Question

At $27^\circ\text{C}$, in presence of a catalyst, activation energy of a reaction is lowered by $10\,\text{kJ mol}^{-1}$. The logarithm of the ratio $\dfrac{k(\text{catalysed})}{k(\text{uncatalysed})}$ is ___.
(Consider that the frequency factor for both the reactions is same)

• A. $0.1741$
• B. $1.741$
• C. $3.482$
• D. $17.41$

Hint:

A small decrease in activation energy leads to a very large increase in reaction rate.

Answer 1

The Correct Option is D

To solve this problem, we need to understand the concept of activation energy and its effect on the rate constant of a reaction, typically expressed through the Arrhenius equation:

\(k = A \exp\left(\frac{-E_a}{RT}\right)\)

Where:

• \(k\) is the rate constant.
• \(A\) is the frequency factor, assumed to be the same for both reactions here.
• \(E_a\) is the activation energy.
• \(R\) is the universal gas constant (\(8.314 \, \text{J} \, \text{mol}^{-1} \, \text{K}^{-1}\)).
• \(T\) is the temperature in Kelvin.

The logarithm of the ratio of the rate constants for catalyzed and uncatalyzed reactions can be found using:

\(\log\left(\frac{k_{\text{catalysed}}}{k_{\text{uncatalysed}}}\right) = \frac{E_a(\text{uncatalysed}) - E_a(\text{catalysed})}{2.303RT}\)

Given:

• Reduction in activation energy: \(\Delta E_a = 10 \, \text{kJ mol}^{-1} = 10000 \, \text{J mol}^{-1}\)
• Temperature: \(T = 27^\circ \text{C} = 27 + 273.15 = 300.15 \, \text{K}\)

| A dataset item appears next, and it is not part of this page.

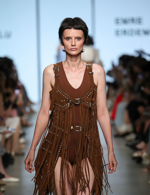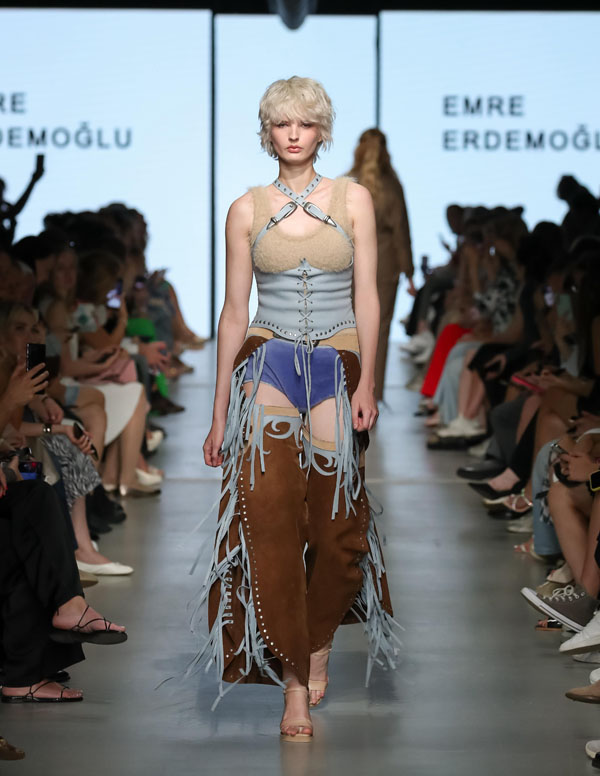 Turkish fashion designer Emre Erdemoğlu presented an unforgettable show with his 2027 Autumn/Winter collection, “West of Eden.” Inspired by the overlooked cowgirl figure of American Western culture, the collection reflected a revolution of women who write their own rules of freedom and courage.
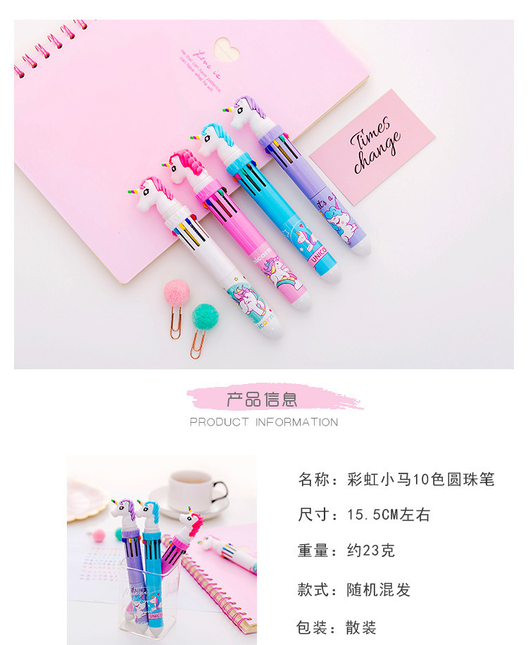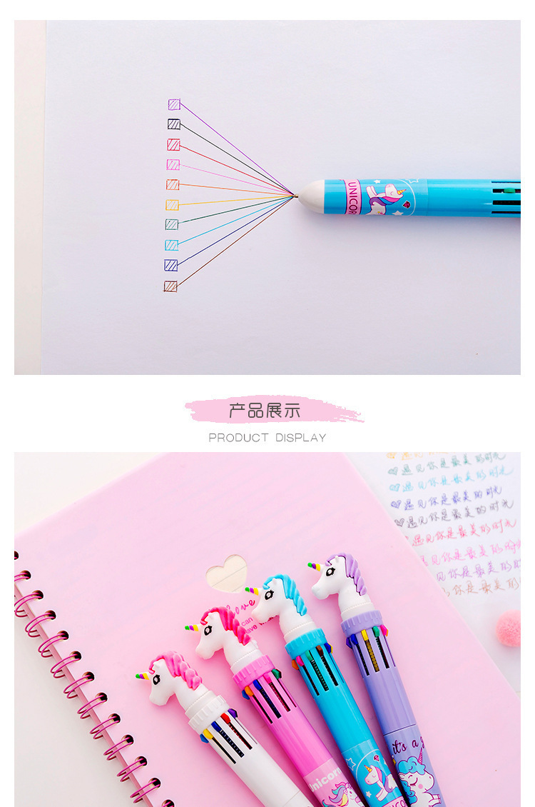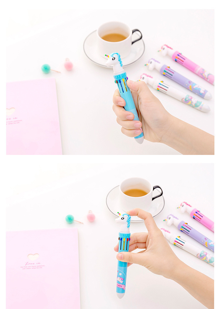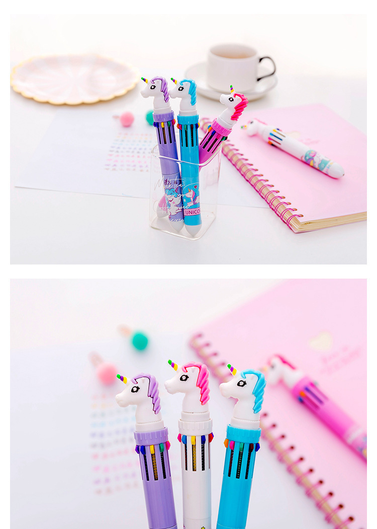 한국 문구 창조적 인 귀여운 6/10 컬러 유니콘 볼펜 멀티 컬러 펜 학생 쓰기 도구 도매

Substituting the values into the equation:

\(\log\left(\frac{k_{\text{catalysed}}}{k_{\text{uncatalysed}}}\right) = \frac{10000}{2.303 \times 8.314 \times 300.15}\)

Calculating the value:

\(\log\left(\frac{k_{\text{catalysed}}}{k_{\text{uncatalysed}}}\right) \approx \frac{10000}{5740.2096} \approx 1.741\)

Thus, the logarithm of the ratio of the catalyzed to uncatalyzed rate constant is approximately \(1.741\).

The correct answer is therefore the option: \(1.741\).